Некоторые утверждают, что Хрущева вовсе не волновали цели либерализации и демократии, ему, истинно советскому порождению, продукту сталинской системы, эти понятия были столь же чужды, сколь и безразличны. На самом деле, разоблачая Сталина, Никита Сергеевич пытался перехватить власть у Берии и Маленкова, в которых многие видели первых среди прочих преемников Сталина (наряду с Молотовым и Кагановичем). Вместе с тем Хрущев не мог довести свою антисталинскую кампанию до логического конца, поскольку сам испачкал руки в крови по самые локти. Не будем забывать о том, что он занимал высокие партийные должности в самые страшные годы сталинского террора: в Москве (1935–1938) и на Украине (1938–1947). Его подпись стоит под смертными приговорами множества ни в чем не повинных людей. Понятно, что ему надо было прибрать паруса своей десталинизации прежде, чем разбушевавшие волны обрушатся на его собственный парусник. Здесь-то и кроются причины половинчатости, непоследовательности его реформ.
В этих рассуждениях есть доля истины, причем немалая, но массовая реабилитация несправедливо репрессированных, исправление ошибок (какие бы цели это ни преследовало) были несомненным благом для страны. Однако Хрущев, овладев властью, не только позволял другим петь себе дифирамбы, он явно пал жертвой собственного властолюбия. И постепенно те, кто поначалу поверил ему, приветствовал его, стали сомневаться, а потом откровенно критиковать человека, который наградил золотой звездой Героя Социалистического Труда кинорежиссеров, создавших документальный фильм-панегирик «Наш дорогой Никита Сергеевич».

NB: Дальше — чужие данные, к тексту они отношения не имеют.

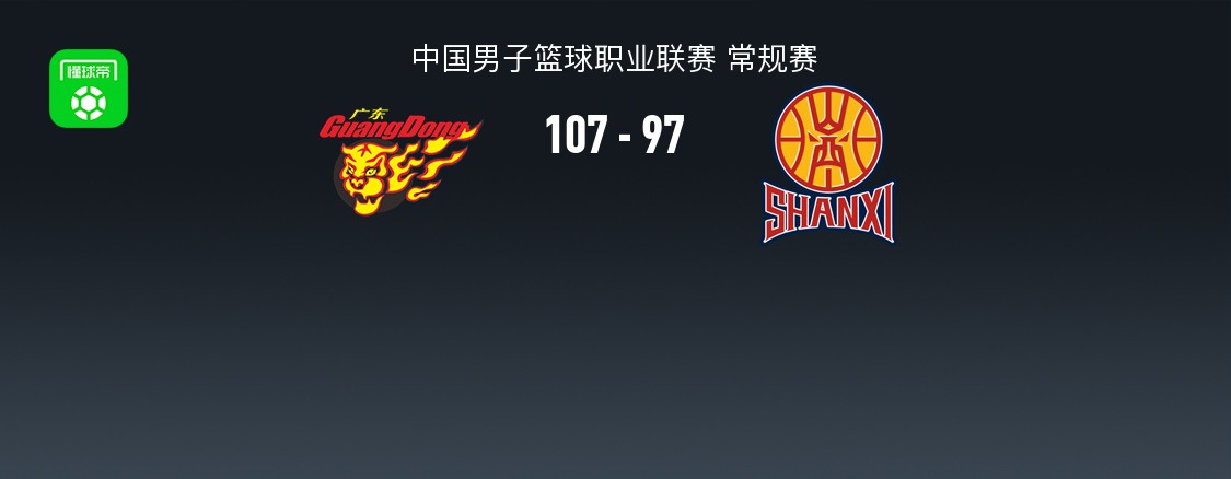 第四节广东胡明轩拿下6分,山西哈米杜-迪亚洛拿下14分,最终广东107-97战胜山西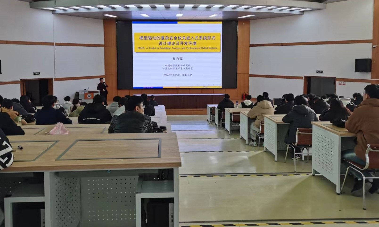 师生作主题为《模型驱动的复杂安全攸关嵌入式系统形式设计理论及开发环境》的学术报告,报告会由学院副院长左宪禹教授主持。报告会在学院201会议室举行,学院教师和研究生参加了本次报告会。
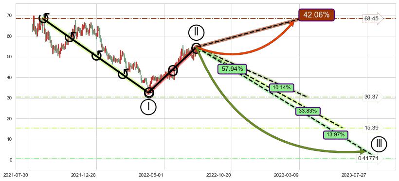 ➣ 调整浪已超过预测的c点位置,后续大趋势循环浪继续下跌概率57.94%,谨慎做多
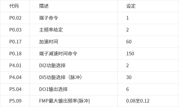 1、接線 ①輸入(主電源)R S T ,輸出(電機)U V W ②啟動信號 DI1正轉 DI2反轉 COM公共端 ③故障接點 TC1 TB1 ④頻率給定 AI1 10V GND ⑤FM COM 脈沖接收 ⑥DO1 GND 電機報警 ⑦GND與COM短接,DI5與FM短接 | 2、變頻器內置參數(shù)

Парадоксальным образом Хрущев напоминает мне… Наполеона. Если бы этот император, стоявший во главе французских революционных (!) войск, отменил в России крепостное право, полагаю, он выиграл бы войну 1812 года. Царизм канул бы в Лету на век раньше. Кто знает, какие это могло бы иметь последствия не только для России, но и для всего мира? Понятно, у истории нет сослагательного наклонения, но в данном случае все проще: Наполеон
Если бы Хрущев довел до конца начатые реформы, если бы он открыл двери для демократических преобразований, для свободы слова, если бы он вступился за группу Краснопевцева (студентов исторического факультета Московского университета, приговоренных к десяти годам лагерей за издание подпольной газеты и за призывы к многопартийности), если бы он потребовал отмену суда над Синявским и Даниелем, если бы он запретил охоту на диссидентов и поощрял бы инакомыслие — если бы Хрущев выбрал именно этот путь, возможно, он одержал бы победу над советско-партийным бюрократическим аппаратом, ведь именно в это время аппарат колебался, шатался, терял равновесие. Но все эти «если бы» исходят из абсолютно ошибочного предположения, что Хрущев, этот рабоче-крестьянско-большевистский полуграмотный Хрущев мог преодолеть самого себя. Можно ли не то чтобы требовать, но хотя бы надеяться, что кошка вдруг залает? К моменту, когда в результате еще одного партийного заговора скинули Хрущева, его никто не поддерживал, ему уже никто не верил — «кукурузник», стучавший башмаком по столу на Генеральной Ассамблее ООН, публично материвший Маргариту Алигер на встрече с творческой интеллигенцией и Эрнста Неизвестного на выставке художников в Манеже, стал посмешищем.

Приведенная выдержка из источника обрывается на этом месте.